It is the Government’s responsibility to ensure that our NHS has the money it needs and not that of patients, staff or visitors. We should not expect vulnerable people to pay a sickness tax through car parking charges. I also agree with my hon. Friend the Member for Great Grimsby (Melanie Onn) about the impact on residents living in the local area. In Walker Street opposite my hospital, resident permits have had to be introduced to try to stop other people parking on those streets. In effect, the residents who live there have to pay to park their cars, because staff cannot afford to use the car park and park their cars on those streets. The whole system is complete nonsense.

I am incredibly proud that our Labour manifesto pledged to scrap car parking charges. Our suggestion was that any loss in income could come from a hike in the tax on private healthcare insurance. That would meet the £162 million cost of free parking at all NHS hospitals across England.

The unfairness of the sickness tax, from having car parking charges, must be felt in context. Let me tell the Chamber about a dear friend of mine—a man called Dermot—who has been in hospital for well over 28 days. I am not sure whether hon. Members are aware of this, but a particularly cruel and unfair consequence of him being in hospital for more than 28 days is the ending of his payments for disability living allowance and attendance allowance. If he had been receiving personal independence payment instead of DLA, that would have been stopped as well. His wife’s income has also been affected because she is his carer; she has stopped receiving her carer’s allowance, because Dermot has lost his DLA.

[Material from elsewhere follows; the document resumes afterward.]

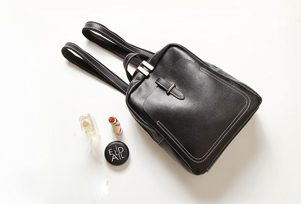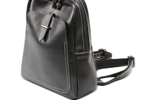 Design: Genuine Leather Cute Small Backpack Bag Shoulder Bag Black Women Leather Purse

The nice bit to this story is that friends have rallied round and organised a fundraising concert for Dermot called—I have to make sure I pronounce this carefully—“Folk the 28 Day Rule” to raise money to support him. However, friends should not have to arrange folk night fundraisers to compensate for the welfare system’s failure to support people. The dramatic fall in his family’s income makes the added travel and car parking costs particularly cruel. They are not the only family facing this situation, but their story highlights the unfairness that many families face in having to park every day to visit loved ones at a time when their income may have dramatically fallen.

We all hate to think what would happen if one of our loved ones ended up staying in hospital for a long time. One of the saddest examples of the sickness tax, as mentioned by the right hon. Member for Harlow (Robert Halfon), is the effect on parents of premature and sick babies. We know that if premature and sick babies are to have the best possible outcomes, they need hands-on care every day. The daily costs of travelling to hospital can present a barrier that prevents parents from being with their babies. Parents surveyed by the charity Bliss said that they spent an average of £32 a week on car parking charges when visiting their babies. That is an unacceptable cost. All new, precious babies have the right to be with their parents—and not just the parents who can afford to pay to park their cars.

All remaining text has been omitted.